2.15.7.11/9, with consonances {8/7, 11/9, 18/11, 7/4}
2.5.9/7.33, with consonances {5/4, 9/7, 14/9, 8/5}
2.3.25/7.1375, with consonances {9/8, 4/3, 3/2, 16/9}

A sorry collection, but note the three-way tie.

On Wed, Jul 25, 2012 at 7:18 PM, genewardsmith <genewardsmith@sbcglobal.net>
wrote:
>
> --- In tuning-math@yahoogroups.com, Mike Battaglia <battaglia01@...>
> wrote:
>
> > > Are these minimal in weighted Lp complexity or unweighted?
> >
> > Still waiting for an answer to this.
>
> IIRC, both.

I don't see how this could possibly be the case. For instance, in the
11-limit, the trimonzo |||2 0 0 0 0 0 0 0 0 0>>> could refer to the
4.3.5, 2.9.5, 2.3.25, 4.6.5, etc, subgroups.

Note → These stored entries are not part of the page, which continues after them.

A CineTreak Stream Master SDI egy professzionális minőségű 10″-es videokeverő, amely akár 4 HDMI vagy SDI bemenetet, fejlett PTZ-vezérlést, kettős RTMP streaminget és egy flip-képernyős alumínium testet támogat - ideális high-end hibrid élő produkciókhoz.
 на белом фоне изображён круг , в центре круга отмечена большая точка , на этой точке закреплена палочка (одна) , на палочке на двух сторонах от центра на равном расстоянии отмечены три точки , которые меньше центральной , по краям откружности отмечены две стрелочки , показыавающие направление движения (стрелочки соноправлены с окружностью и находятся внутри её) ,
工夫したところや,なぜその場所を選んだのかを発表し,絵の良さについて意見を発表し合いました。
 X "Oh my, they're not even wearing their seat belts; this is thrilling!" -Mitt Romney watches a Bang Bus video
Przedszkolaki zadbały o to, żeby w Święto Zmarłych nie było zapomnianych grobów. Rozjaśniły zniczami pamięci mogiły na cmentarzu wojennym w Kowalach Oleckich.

On the other hand, the trimonzo |||0 0 0 0 0 0 0 0 0 2>>> could refer
to the 25.7.11, 5.49.11, 5.7.121, 5.11/7.121 subgroups.

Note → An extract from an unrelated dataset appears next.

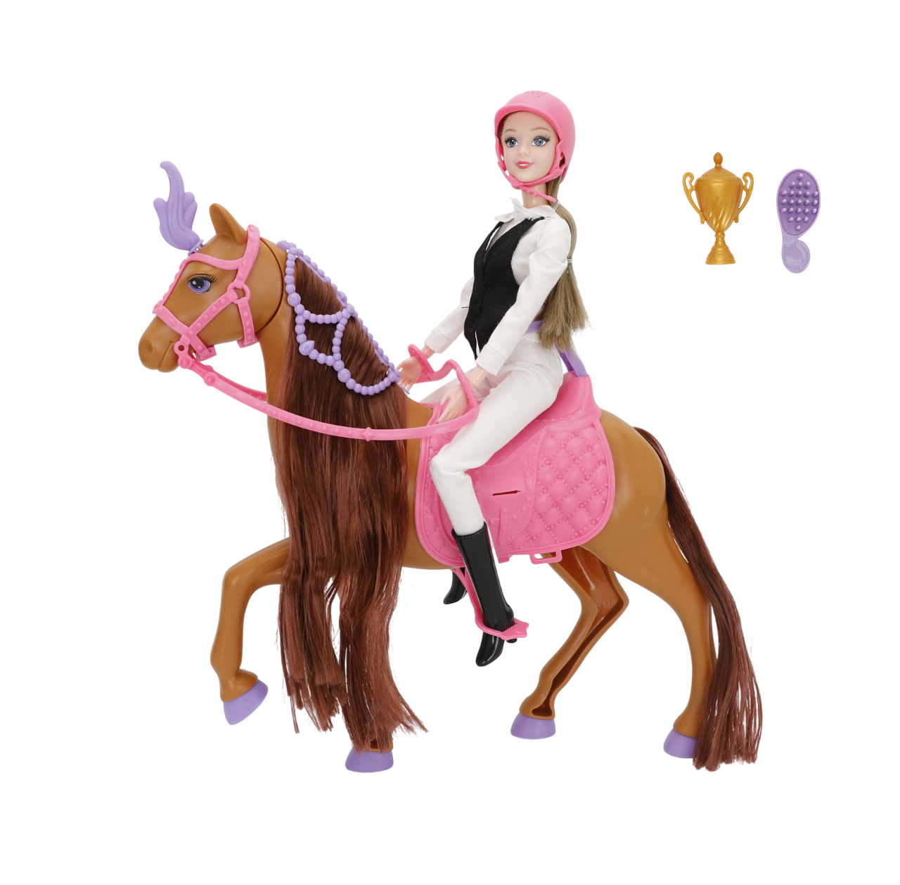 Vyber sa na jazdecké preteky s bábikou Sashou a jej elegantným koňom. Bábika je oblečená do štýlového jazdeckého oblečenia s prilbou a jej kôň má krásnu hrivu ozdobenú ružovým postrojom. Vďaka priloženému hrebeňu môžeš hrivu koňa česať a zdobiť podľa svojej fantázie. Nechýba ani trofej pre víťazku pretekov, ktorá urobí hru ešte zábavnejšou. Hračka je vhodná pre deti od 3 rokov

They have the same unweighted complexity, and yet couldn't be further
apart for weighted complexity.

-Mike

--- In tuning-math@yahoogroups.com, Mike Battaglia <battaglia01@...> wrote:

> I don't see how this could possibly be the case. For instance, in the
> 11-limit, the trimonzo |||2 0 0 0 0 0 0 0 0 0>>> could refer to the
> 4.3.5, 2.9.5, 2.3.25, 4.6.5, etc, subgroups.

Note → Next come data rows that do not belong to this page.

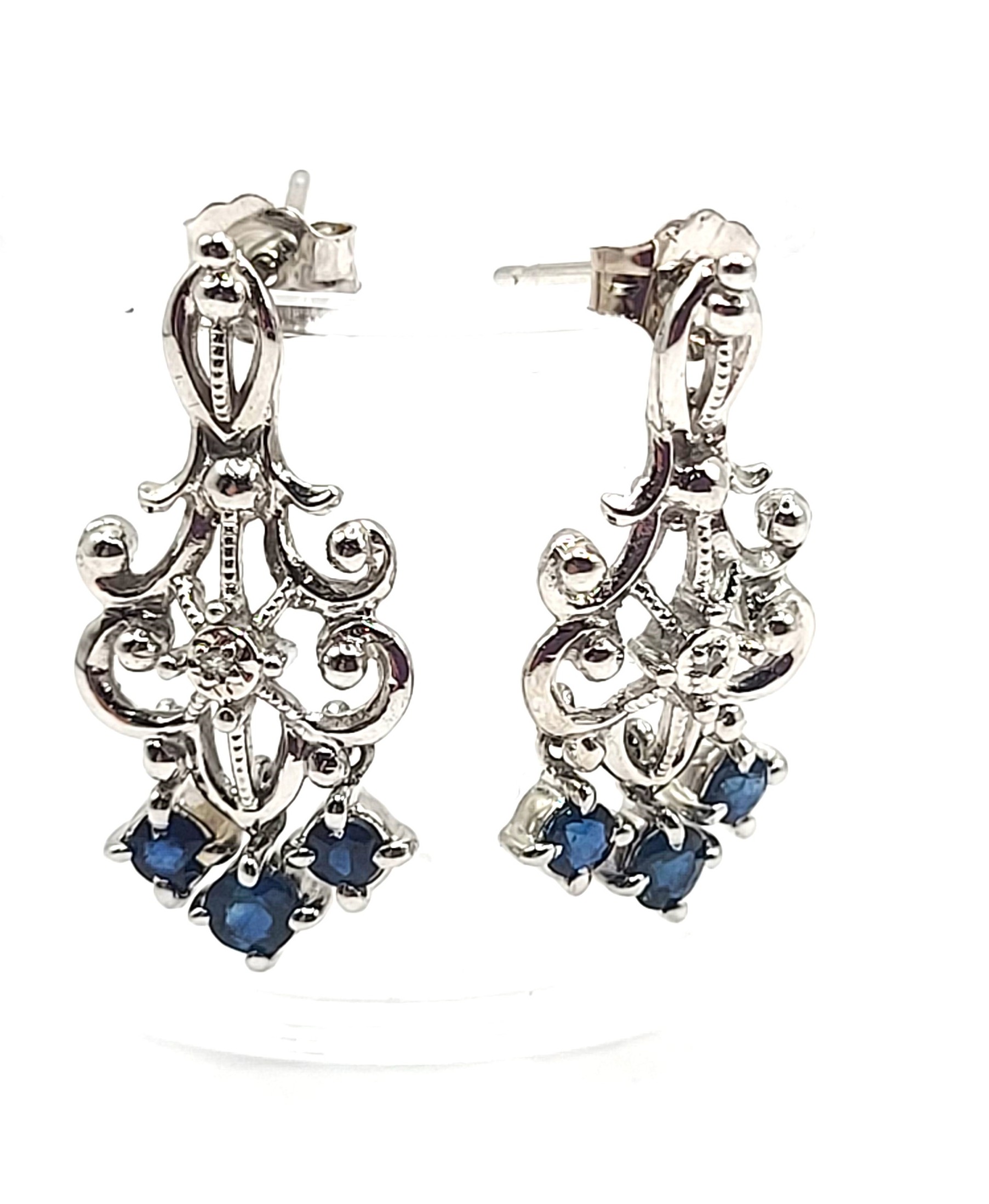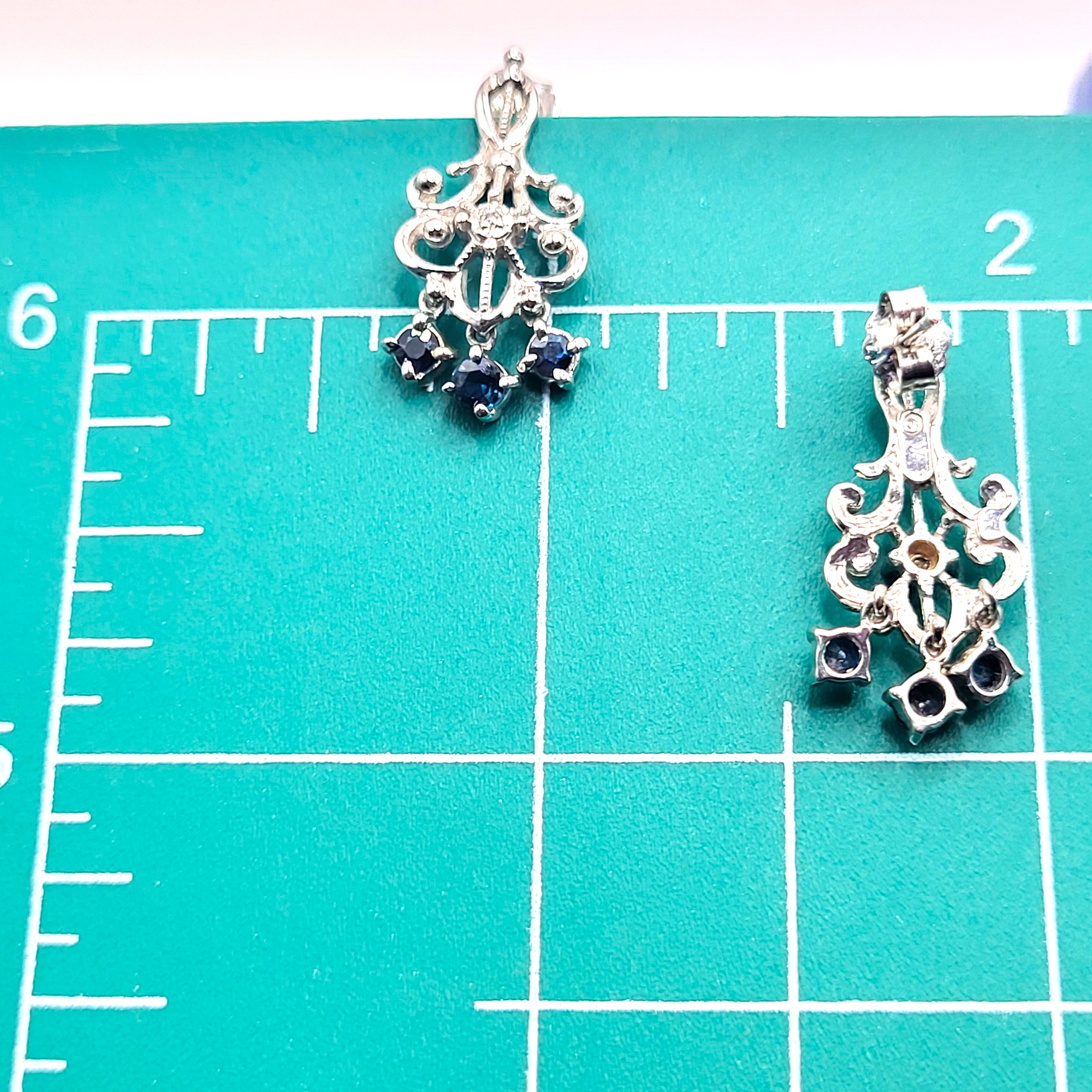 This pair of 14 karat white gold chandelier earrings dangle long enough to be flirty, but are short enough for more serious activities, like business meetings or parent-teacher day! They are adorned with .50 carats total weight of round, faceted genuine blue sapphires and accented with .01 carats total weight of round, faceted diamonds. They are approximately 7/8" long, 3/8" wide and attach to the earlobe with posts and friction backs. Admin: G11241/38lrt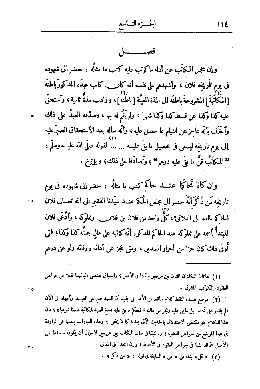 كتب ما مثاله: حضر إلى شهوده فى يوم تاريخه من ذكر أنّه حضر الى مجلس الحكم عند سيّدنا الفقير الى الله تعالى فلان الحاكم بالعمل الفلانىّ، كلّ «4» واحد من فلان بن فلان ومملوكه، وادّعى فلان المبتدأ باسمه على مملوكه عند الحاكم المذكور أنّه كاتبه على مال جملته كذا وكذا؛ فمتى أوفى ذلك كان حرّا من أحرار المسلمين؛ ومتى عجز عن أدائه ووفائه ولو عن درهم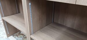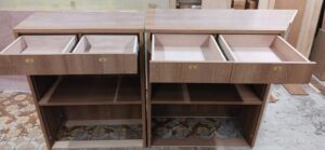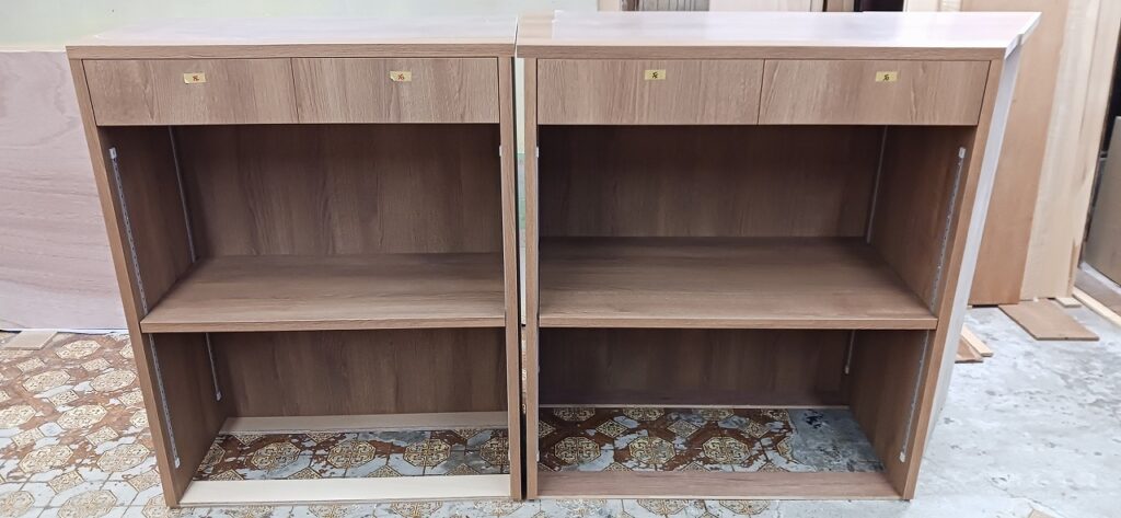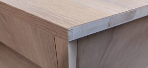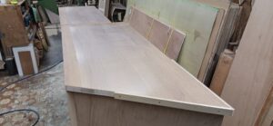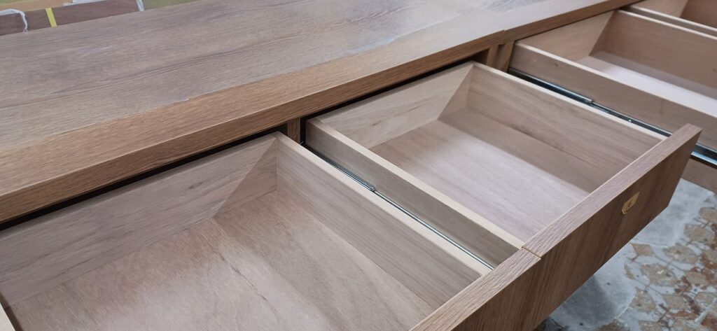 2026.01.06 Pointed Edge まだお正月休みの人が多いのか心なしか街が静かな冬晴れの火曜日。w1500×h1050×d500㎜サイズの異形カウンター収納、鋭いポインテッドカットが施された傾斜天板下に奥行の異なる引出を4杯装備、引出下にはアルミ製棚柱の可動棚を2枚配備した大容量ストッカー、内外装共にホワイトオーク板柾柄メラミン化粧板仕様、引出杯はラワン仕上げ。

I'm not using any of that.

On Wed, Jul 25, 2012 at 8:07 PM, genewardsmith <genewardsmith@sbcglobal.net>
wrote:
>
> --- In tuning-math@yahoogroups.com, Mike Battaglia <battaglia01@...>
> wrote:
>
> > I don't see how this could possibly be the case. For instance, in the
> > 11-limit, the trimonzo |||2 0 0 0 0 0 0 0 0 0>>> could refer to the
> > 4.3.5, 2.9.5, 2.3.25, 4.6.5, etc, subgroups.
>
> I'm not using any of that.

Not using any of "what"?

-Mike

--- In tuning-math@yahoogroups.com, Mike Battaglia <battaglia01@...> wrote:
>
> On Wed, Jul 25, 2012 at 8:07 PM, genewardsmith <genewardsmith@...>
> wrote:
> >
> > --- In tuning-math@yahoogroups.com, Mike Battaglia <battaglia01@>
> > wrote:
> >
> > > I don't see how this could possibly be the case. For instance, in the
> > > 11-limit, the trimonzo |||2 0 0 0 0 0 0 0 0 0>>> could refer to the
> > > 4.3.5, 2.9.5, 2.3.25, 4.6.5, etc, subgroups.
> >
> > I'm not using any of that.
>
> Not using any of "what"?

What you might call contorted subgroups. While there is much to be said for temperaments like baldy or stacks, the method using multimonzos won't find them.